The suite Aires Tropicales was composed in seven movements, four of which will be performed today. Alborada (again, the Spanish word for a morning song) - a slow introductory section - leads directly into Son (“sound,” literally), incorporating Latin melodies, again with a syncopated bass line. Vals Venezolano is a lively waltz, and is a tribute to the Venezualan guitarist-composer Antonio Lauro. Contradanza is an upbeat Cuban dance, written in honor of that country’s composer Ernesto Lecuona.
Cuban-born, New York-based, Grammy Award-winning saxophonist, clarinetist, and composer Paquito D‘Rivera (b. 1948) has balanced a career in Latin jazz with commissions as a classical composer and appearances with symphony orchestras.
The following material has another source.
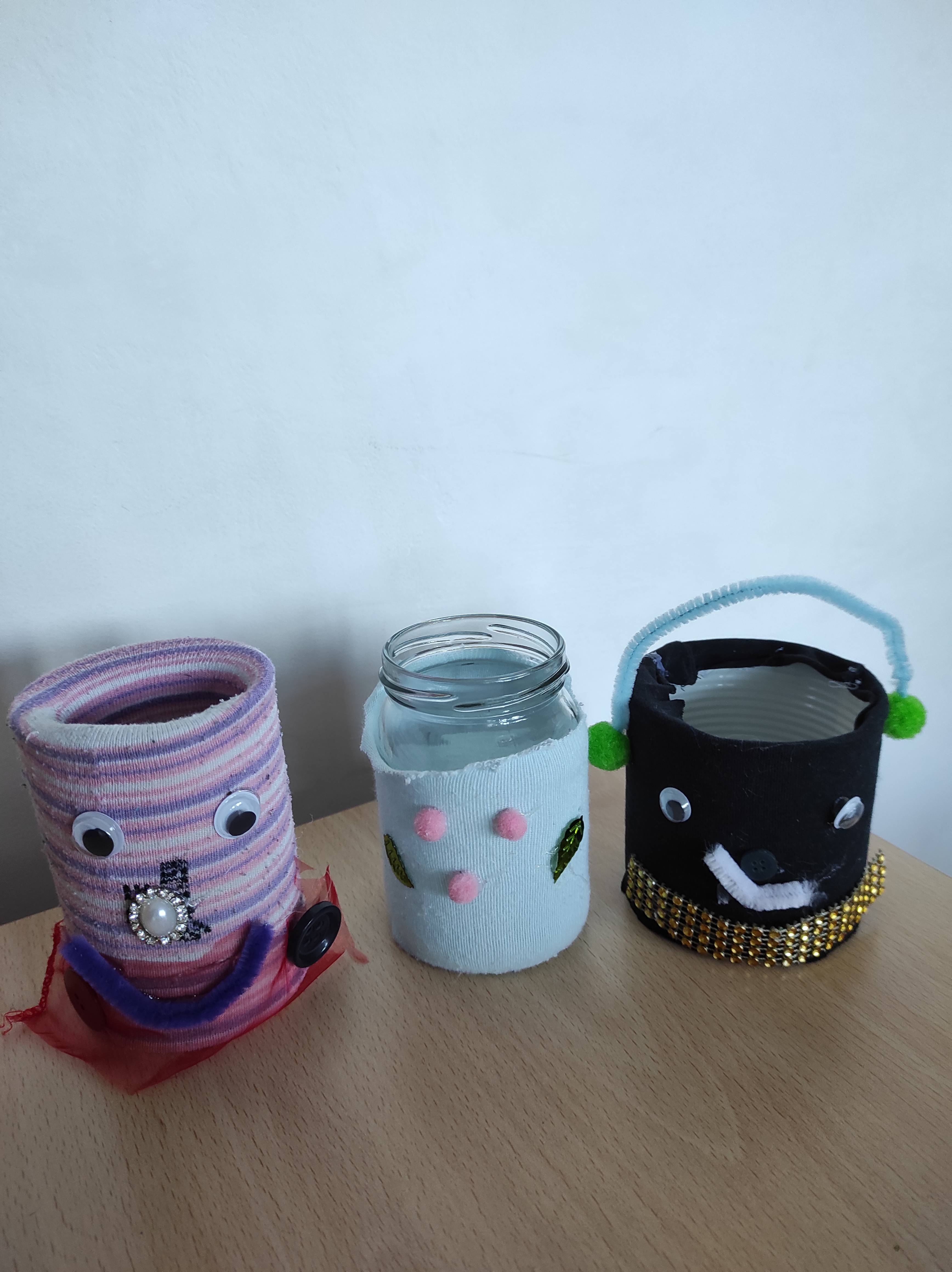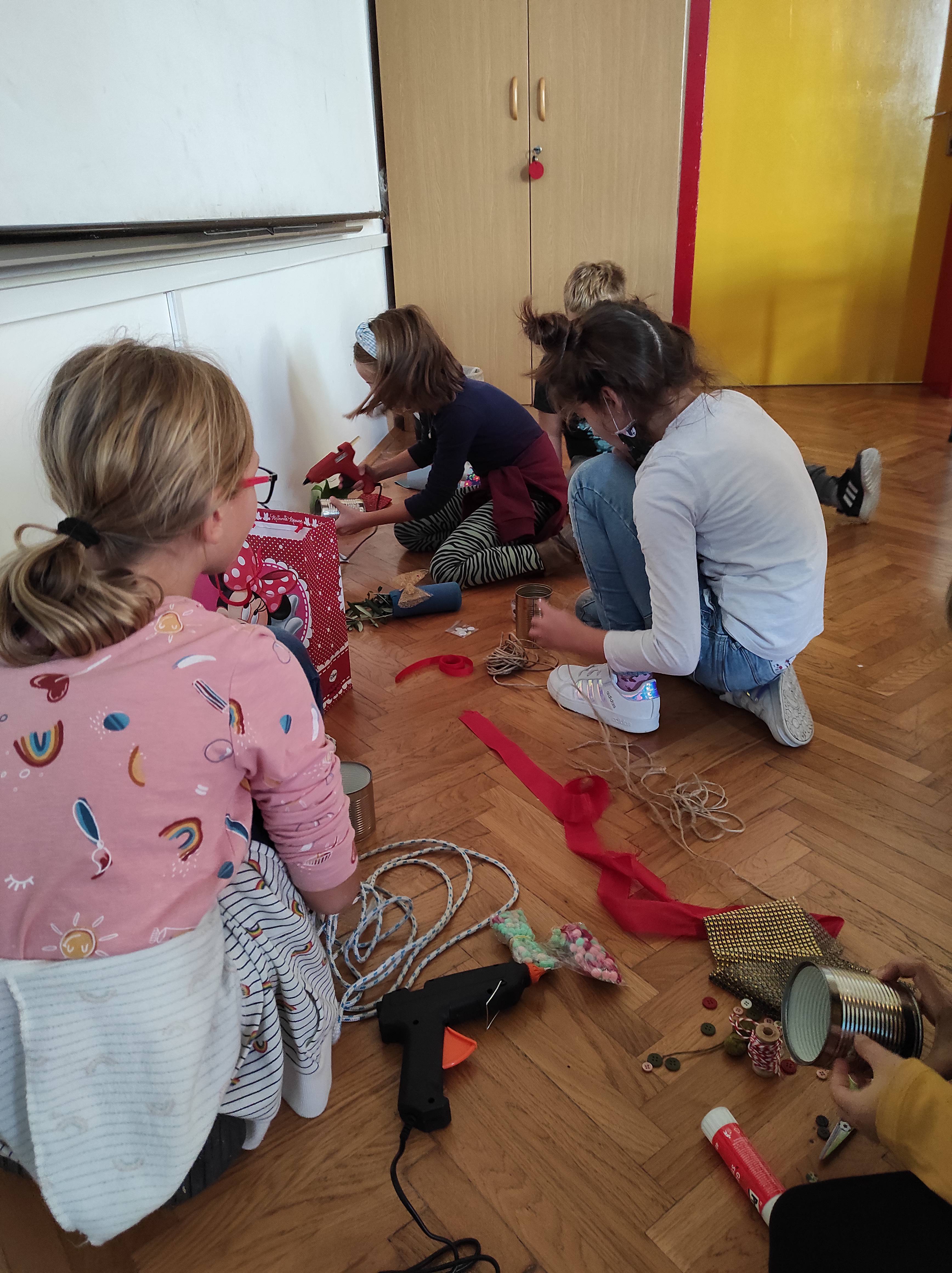 Od starih limenki i staklenki učenici drugog razreda su izrađivali stalke za olovke.

The National Endowment for the Arts website states, “he has become the consummate multinational ambassador, creating and promoting a cross-culture of music that moves effortlessly among jazz, Latin, and Mozart.”
D’Rivera was a child prodigy, tutored initially by his classical saxophonist-conductor father Tito, and playing well enough in one year to be paid as a musician. In 1960 he began study at the Havana Conservatory, and in his teens created various original and ground-breaking musical ensembles. He founded, and for two years directed, the Orquesta Cubana de Musica Moderna, while playing clarinet and saxophone with the Cuban National Symphony Orchestra. He also was a co-founder and director of Irakere, an innovative ensemble which mixed jazz, rock, classical, and traditional Cuban music not heard before. They toured extensively throughout America and Europe.
Earlier this year, D’Rivera was awarded a John Simon Guggenheim Fellowship in Music Composition, and was named the 2007-8 Composer-in-Residence at the Caramoor Center for Music and the Arts with the Orchestra of St. Luke’s. Commissions have come from a number of places, including the group Opus 21, the Turtle Island and Ying String Quartets, the National Symphony Orchestra (Washington, D.C.), the Rotterdam Philharmonic, Jazz at Lincoln Center, and The Library of Congress. He has recorded more than thirty solo albums in jazz, bebop, and Latin music, and has performed with many symphony orchestras in the Americas and in Europe. He has created, championed, and promoted many types of classical compositions, including three chamber music works which have been recorded in concert with ‘cellist Yo-Yo Ma in Carnegie Hall in 2003.